Figure 8. EphB4 stimulation prevents aberrant angiogenesis by uncontrolled adenoviral VEGF delivery both in normal and in ischemic muscle

1. A–C

   Immune‐deficient SCID mice received intramuscular injections of adenovirus expressing murine VEGF₁₆₄ (Ad‐mVEGF) and were treated systemically with ephrinB2‐Fc or control Fc proteins. Muscles were harvested 2 weeks later, and frozen sections were stained for endothelium (CD31, red), pericytes (NG2, green), and smooth muscle cells (α‐SMA, cyan) (A). Vessel diameters were quantified, and results are shown as size distribution (B) and mean of individual measurements in each sample ± SEM (C). EphB4 stimulation prevented the appearance of aberrantly enlarged and smooth muscle‐covered vascular structures and reduced the average diameter of induced vessels. Scale bar = 50 μm. n = 4 independent samples/group; *P < 0.05 (one‐tailed t‐test, after data normalization by logarithmic‐transformation).

2. D–H

   Hindlimb ischemia was induced in immune‐competent LDLR^−/−ApoB^100/100 mice.

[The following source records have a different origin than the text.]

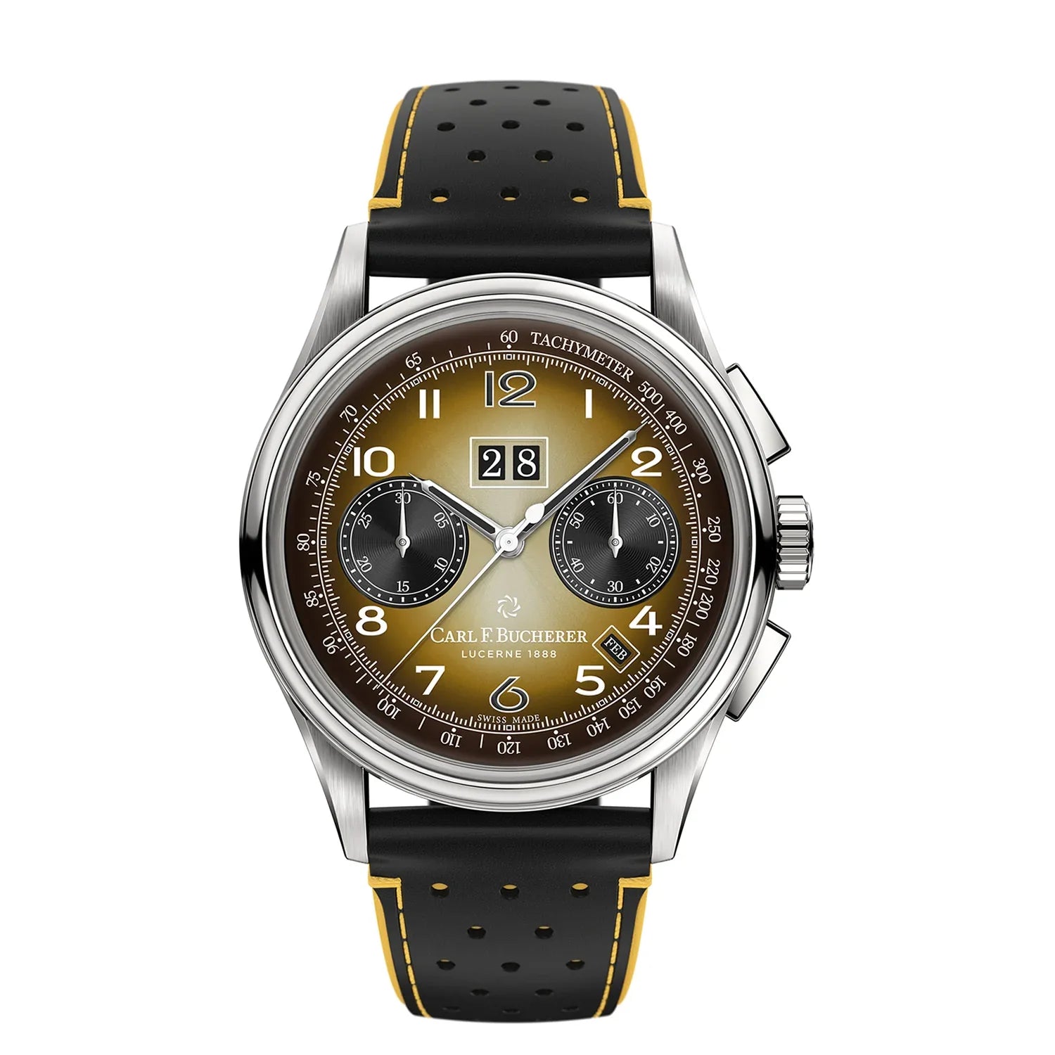 Stainless steel automatic with chronograph, annual calendar, big date, round, 30 atm, dial: yellow with black sub dials arabic, rubber strap- Las Vegas Edition
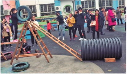 例如,儿童自己设计了一个钻隧道的游戏,其基本玩法是将轮胎推到由梯子搭成的斜坡的顶端,然后放手让轮胎滚进并穿越下面的“隧道”(见图7)。为了实现这个目标,儿童需要解决不少问题:怎样将一个很重的轮胎举上去,并且保持身体的平衡?怎样搭出一个方便上下、能站稳且高度合适、有利于将轮胎举到“轨道坡顶”的平台?选择多大直径的轮胎更容易使其钻进“隧道”?还可以添加些什么设施让这个游戏更好玩、更有挑战性?可见,从游戏设计到实施的每一步都需要儿童一起思考、探索、试验,也都蕴含着深度学习的机会。
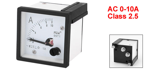 AC Current Panel Meter Model No. 99T1-A Scale Range AC 0-10A Accuracy Class 2.5 Back Screw Diameter 2.2mm/ 0.09" & 3.8mm/ 0.15 Panel Size 48 x 48 x 5.5mm/ 1.9" x 1.9" x 2.2" (L*W*T) Overall Depth 44mm/ 1.7"(not include screw) Color White & Black Main Material Plastic & Metal Net Weight 69g Package 1 x AC Current Panel Meter

Adenoviral vectors expressing human VEGF₁₆₅ (Ad‐hVEGF) or control LacZ (Ad‐LacZ) were delivered by intramuscular injection and animals received systemic treatment with ephrinB2‐Fc or control Fc proteins. After 11 days, muscles were harvested and immunohistochemical staining for CD31 was performed to assess vessel morphology (D) and to quantify vascular size by measuring vessel perimeters (E), while tissue damage was quantified on H&E‐stained sections (F, G), distinguishing tissue areas as normal, necrotic, early‐, and late‐regenerating (ER and LR, respectively). Blood flow was measured non‐invasively by contrast‐enhanced ultrasound (H) before and after surgery (pre‐op and post‐op, respectively) and after 4, 7, and 11 days (d4, d7, and d11) and is presented as the ratio of ischemic/contralateral normal leg of each animal. EphB4 stimulation prevented the appearance of aberrantly enlarged vascular lacunae and normalized the size of VEGF‐induced vessels, while a non‐significant trend was also observed toward reduced tissue necrosis, increased regeneration, and normalized blood flow. Scale bars = 100 μm (D) and 2 mm (F). Mean ± SEM; (D–G) n = 7–9 independent samples/group; *P < 0.05 and ***P < 0.001 (one‐way ANOVA and Bonferroni post hoc test); (H) n = 4–10 animals/group; ***P < 0.001 post‐op vs. pre‐op, **P < 0.01 post‐op vs. day 11 Ad‐LacZ, or vs. Ad‐VEGF, or vs. Ad‐VEGF + ephrinB2‐Fc, according to the corresponding color (one‐way ANOVA and Bonferroni multiple comparisons test).